> **TASK DETAILS**
Begin at the line containing "这天回来刚好是2月14 ,西" and restate it and each line after it exactly, up to and including the last line below. Leave pictures out.

> **DATA SEGMENT**
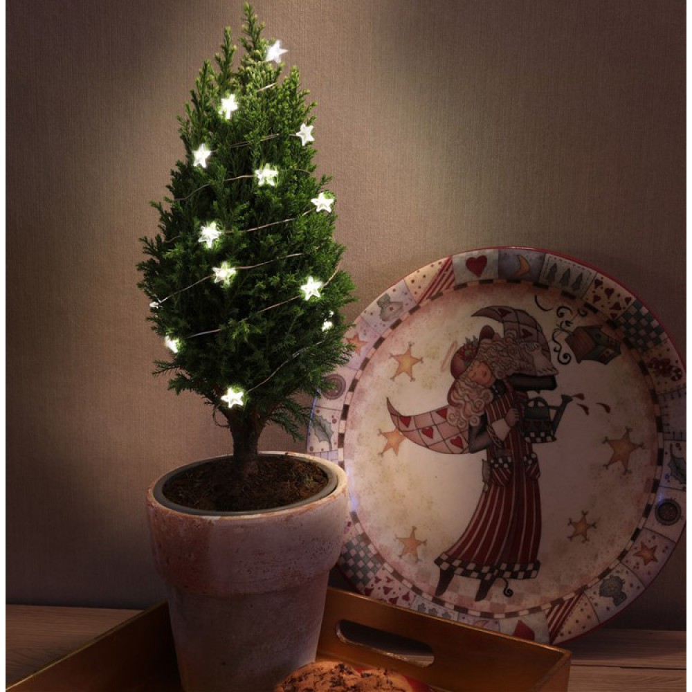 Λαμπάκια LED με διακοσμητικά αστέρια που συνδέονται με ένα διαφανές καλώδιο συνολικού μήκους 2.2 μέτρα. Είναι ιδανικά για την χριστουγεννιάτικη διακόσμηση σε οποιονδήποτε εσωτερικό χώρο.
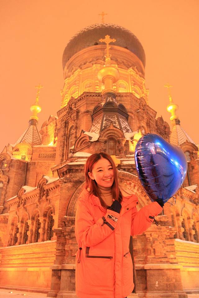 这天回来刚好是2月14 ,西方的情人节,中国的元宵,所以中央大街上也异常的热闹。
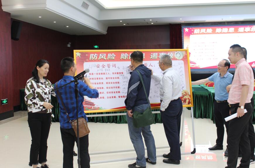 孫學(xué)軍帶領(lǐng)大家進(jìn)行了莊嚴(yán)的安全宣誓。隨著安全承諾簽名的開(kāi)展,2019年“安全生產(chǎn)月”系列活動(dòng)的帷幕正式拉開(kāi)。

> **RESPONSE TO THIS TASK**
 这天回来刚好是2月14 ,西方的情人节,中国的元宵,所以中央大街上也异常的热闹。
 孫學(xué)軍帶領(lǐng)大家進(jìn)行了莊嚴(yán)的安全宣誓。隨著安全承諾簽名的開(kāi)展,2019年“安全生產(chǎn)月”系列活動(dòng)的帷幕正式拉開(kāi)。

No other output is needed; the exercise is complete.